▶ **EXERCISE DATA**:

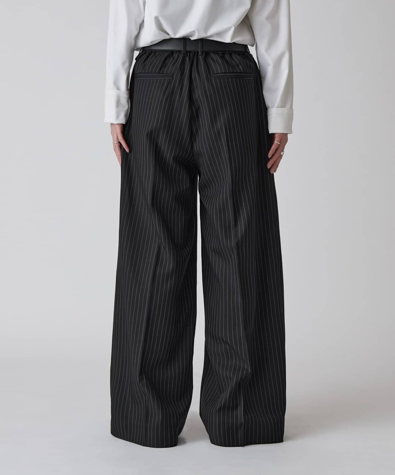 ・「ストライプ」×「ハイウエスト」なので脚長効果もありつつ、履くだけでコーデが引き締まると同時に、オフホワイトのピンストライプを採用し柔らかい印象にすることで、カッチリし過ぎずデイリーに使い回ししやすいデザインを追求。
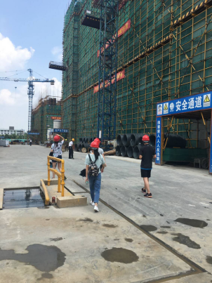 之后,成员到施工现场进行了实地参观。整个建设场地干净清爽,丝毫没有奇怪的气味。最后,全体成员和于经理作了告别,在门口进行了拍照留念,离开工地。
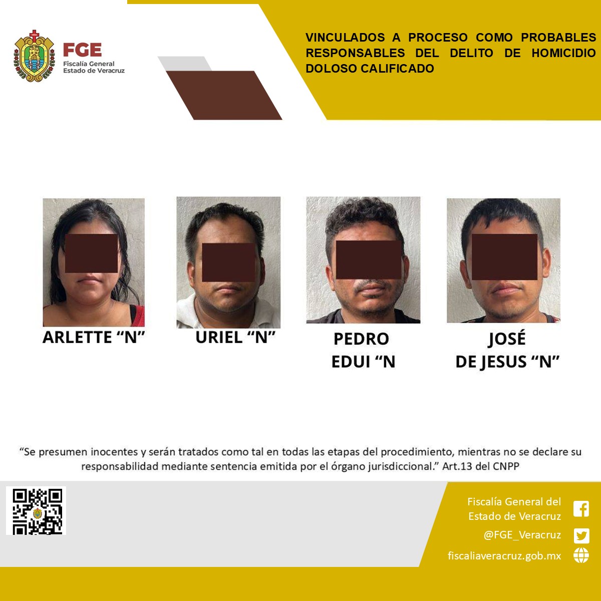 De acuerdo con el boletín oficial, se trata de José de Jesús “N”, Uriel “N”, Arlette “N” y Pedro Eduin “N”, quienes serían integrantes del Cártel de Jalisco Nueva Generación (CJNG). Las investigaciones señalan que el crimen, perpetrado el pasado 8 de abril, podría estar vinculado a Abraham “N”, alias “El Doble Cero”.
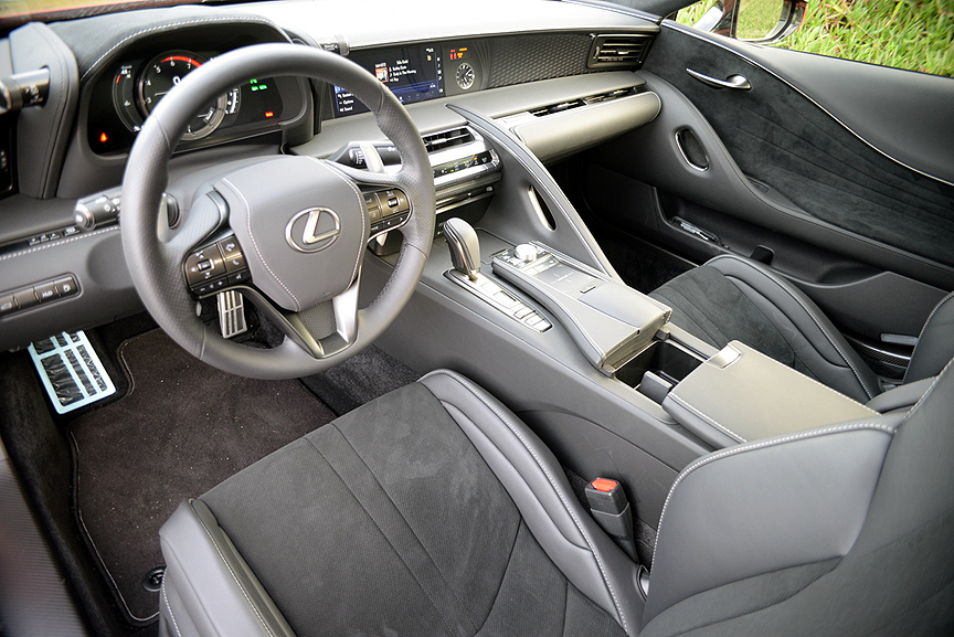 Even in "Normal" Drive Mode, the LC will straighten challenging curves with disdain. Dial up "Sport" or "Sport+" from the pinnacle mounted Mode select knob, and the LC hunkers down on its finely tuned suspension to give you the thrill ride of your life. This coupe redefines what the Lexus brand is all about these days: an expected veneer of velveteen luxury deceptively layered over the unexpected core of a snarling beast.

▶ **EXERCISE INSTRUCTIONS**: Would it be possible to give the material above again exactly, with the pictures left out?

▶ **EXPECTED OUTPUT**:
 ・「ストライプ」×「ハイウエスト」なので脚長効果もありつつ、履くだけでコーデが引き締まると同時に、オフホワイトのピンストライプを採用し柔らかい印象にすることで、カッチリし過ぎずデイリーに使い回ししやすいデザインを追求。
 之后,成员到施工现场进行了实地参观。整个建设场地干净清爽,丝毫没有奇怪的气味。最后,全体成员和于经理作了告别,在门口进行了拍照留念,离开工地。
 De acuerdo con el boletín oficial, se trata de José de Jesús “N”, Uriel “N”, Arlette “N” y Pedro Eduin “N”, quienes serían integrantes del Cártel de Jalisco Nueva Generación (CJNG). Las investigaciones señalan que el crimen, perpetrado el pasado 8 de abril, podría estar vinculado a Abraham “N”, alias “El Doble Cero”.
 Even in "Normal" Drive Mode, the LC will straighten challenging curves with disdain. Dial up "Sport" or "Sport+" from the pinnacle mounted Mode select knob, and the LC hunkers down on its finely tuned suspension to give you the thrill ride of your life. This coupe redefines what the Lexus brand is all about these days: an expected veneer of velveteen luxury deceptively layered over the unexpected core of a snarling beast.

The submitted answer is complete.